Familienstreit in der katholischen Kirche. Die Weltöffentlichkeit schaut zu – gespannt, frustriert, erwartungsvoll, ängstlich, hämisch. Perspektiven für die Familiensynode sind noch kaum absehbar. (Arnd Bünker)
Der Theologe und Soziologe Michael Brinkschröder hat es dennoch gewagt, Szenarien zu formulieren, die zumindest eine Eskalation des katholischen Familienstreits über den Umgang mit Homosexualität verhindern könnten.
Brinkschröder liefert eine therapeutische Hilfestellung für die vor der Zerrüttung stehende katholische Grossfamilie. In Rom beginnt in diesen Tagen die dringende Aussprache.
Für die widersprüchlichen Tendenzen bezüglich des Umgangs mit Homosexualität macht Brinkschröder kulturell und kontextuell unterschiedliche Menschenbilder aus. Auch wenn sich alle zur Homosexualität äussern, heisst dies nicht, dass alle das Gleiche meinen. Eine Einigung auf solcher Grundlage scheint aussichtslos.
Vier Szenarien für Kompromisse im Familienstreit
1. Regionalisierung der Pastoral
Wenn man keine gemeinsame Lösung hinbekommt, könnte ein Ausweg in der Zulassung regional unterschiedlicher Umgangsweisen mit Homosexuellen bestehen. Nationale und regionale Bischofskonferenzen würden aufgefordert, jeweils für ihren Bereich angemessene Lösungen zu suchen. Damit würde zumindest die pastorale Blockade auf Ebene der Weltkirche beendet. Zugleich wäre klar, dass die Suche nach weltweiten Antworten fortgesetzt werden müsste.
2. Ethisches Minimum
Dass schon der heutige Katechismus manchen katholischen Kirchenführern zu weit geht hinsichtlich der Forderung eines menschenwürdigen Umgangs mit Homosexuellen, hat die Synode 2014 sichtbar gemacht. Daher dürften grosse Erwartungen hinsichtlich einer Öffnung der Kirche für Homosexuelle und ihre Lebenssituationen unrealistisch sein. Denkbar wäre aber die Verständigung auf Mindeststandards, auf den Respekt vor der Würde der Person und die Ächtung schlimmster Formen der Diskriminierung.

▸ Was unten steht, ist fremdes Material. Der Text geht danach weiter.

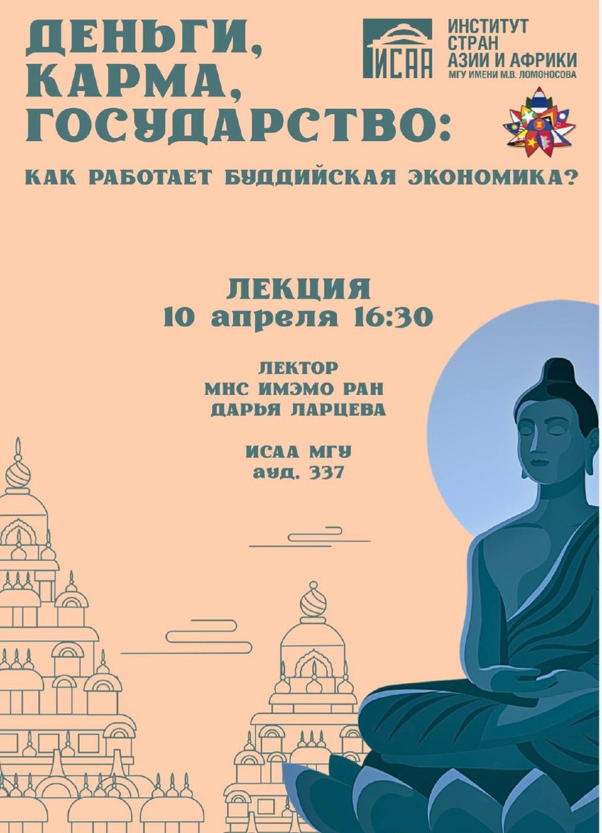 Как деньги, карма и государство переплетаются в буддийской экономике? Существует ли альтернативная модель хозяйствования, основанная на духовных практиках? Приглашаем вас на лекцию Дарьи Ларцевой — младшего научного сотрудника ИМЭМО РАН, выпускницы ИСАА МГУ, которая расскажет о том, как буддизм влияет на экономическое развитие на примере Таиланда. 🔹 Что такое буддийская экономика и почему она привлекает внимание исследователей. 🔹 Как концепция кармы и религиозные установки буддизма сочетаются с современными экономическими реалиями. 🔹 Механизмы взаимодействия духовных практик и экономического развития в Таиланде. 🔹 Роль государства в поддержании буддийской экономической модели. отношений. Форма для регистрации: https://forms.yandex.ru/cloud/69c292ea02848f379981f321 (По предварительной регистрации и предъявлению паспорта РФ) Где 🗺: аудитория 337 ИСАА МГУ Москва, ул. Моховая, 11, стр. 1 Когда 📆: 10 апреля в 16:30

3. Familienzusammenhänge wahrnehmen und würdigen
Homosexualität ist nicht nur die Prägung einer Person, sondern oft auch eine Herausforderung der Familie, der sie entstammt. Eine zustimmende Äusserung der Synode zur Notwendigkeit von seelsorglichen Angeboten für Familien mit homosexuellen Mitgliedern wäre zumindest ein erster Schritt, um die Wahrnehmung und vorsichtige Anerkennung der Betroffenen zu ermöglichen.
4. Freimütig das Gespräch suchen
Auf Dauer kommt die Kirche nicht an der Präsenz ihrer homosexuellen Mitglieder vorbei. Ein langfristig und weltweit angelegter Gesprächsprozess mit Homosexuellen könnte von der Synode angestossen werden. Ein solcher Gesprächsprozess, Brinkschröder spricht von einer „Dekade des Dialogs“, könnte sich mit Antworten Zeit lassen. So liesse sich Druck aus der überhitzten Debatte ablassen. Zugleich könnte die Praxis der Parrhesia, der freimütigen Rede, des offenen Gespräches, das trotz deutlicher Worte die Beziehung nicht abbrechen lässt, in der Kirche eingeübt werden.
Michael Brinkschröder hat den Stein der Weisen nicht gefunden. Kompromisse sind Kompromisse. Aber was bleibt der zerstrittenen Familie übrig, wenn sie eine Scheidung vermeiden will?
nachlesen: Michael Brinkschröder: Neue Offenheit oder alte Ängste? Homosexualität und gleichgeschlechtliche Partnerschaften als Thema der Familiensynode, in: Stephan Goertz (Hg.): „Wer bin ich, ihn zu verurteilen?“ Homosexualität und katholische Kirche, Freiburg 2015, 413 – 444.